The electron acceptor may be an organic, inorganic or organic compound having a high electron affinity. Specifically, any one of II-VI compound semiconductor crystals selected from the group consisting of fullerene (C ₆₀ ) or a fullerene derivative, a phthalocyanine derivative, a boron-containing polymer, CdS, CdSe, CdTe and ZnSe, ZnO, Oxide semiconductor crystals such as SiO ₂ , TiO ₂ and Al ₂ O ₃ , compound semiconductor crystals such as CuInSe ₂ and CuInS, and the like. Specifically, the electron acceptor (6,6) -phenyl -C ₆₁ - butyric rigs Acid methyl ester _{[(6,6) -phenyl-C 61} -butyric acid methyl ester; PCBM], (6,6) - phenyl -C ₇₁ - butyric rigs Acid methyl ester _{[(6,6) -phenyl-C 71} -butyric acid methyl ester; _{C 70 -PCBM], (6,6)} - thienyl -C ₆₁ - butyric rigs Acid methyl ester _{[(6,6) -thienyl-C 61} -butyric acid methyl ester; ThCBM], carbon nanotubes, and combinations thereof.

In addition, the unit cell may further include a hole transporting layer or an electron transporting layer between the first electrode or the second electrode and the photoactive layer.

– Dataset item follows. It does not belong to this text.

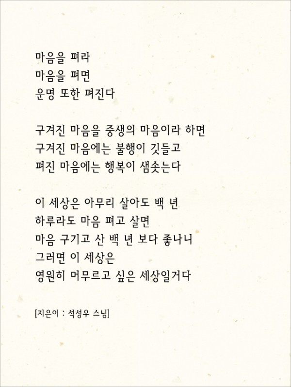 _()_ 붓다의 말씀 2015년 12월 - 마음을 펴라 페이지 정보 작성자 정암사 작성일15-12-02 08:17 조회13,814회 댓글0건 본문 . 댓글목록 등록된 댓글이 없습니다. 이전글 다음글 목록
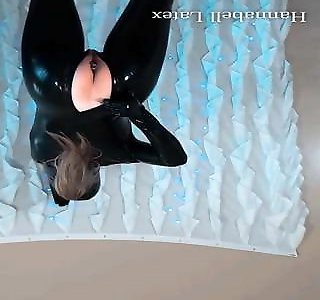 raillerie en latex de clôture totale, lèvres cramoisies, remuant, cul bouché

The hole transporting layer is a layer which helps to move the holes generated in the photoactive layer to the electrode, and the hole transporting layer is formed of poly (3,4-ethylenedioxythiophene) (PEDOT), poly (styrenesulfonate) PSS), polyaniline, phthalocyanine, pentacene, polydiphenylacetylene, poly (t-butyl) diphenylacetylene, poly (trifluoromethyl) diphenylacetylene, copper phthalocyanine (Cu- ) Acetylene, poly (trimethylsilyl) diphenylacetylene, poly (carbazole) diphenylacetylene, polydiacetylene, polyphenylacetylene, polypyridine acetylene, polymethoxyphenylacetylene, Polymethylphenylacetylene, poly (t-butyl) phenylacetylene, polynitrophenylacetylene, poly (trifluoromethyl) phenylacetylene, poly (trimethylsilyl) phenylacetylene, derivatives thereof; Molybdenum oxide (MoO _x ); Vanadium oxide (V ₂ O ₅ ); Nickel oxide (NiO); And a hole transporting material selected from the group consisting of tungsten oxide (WO _x ), and combinations thereof. In one example, the hole transport layer may comprise a mixture of PEDOT and PSS. The hole transport layer may be formed of a self-assembled thin film formed by depositing a material such as Ni and performing a heat treatment.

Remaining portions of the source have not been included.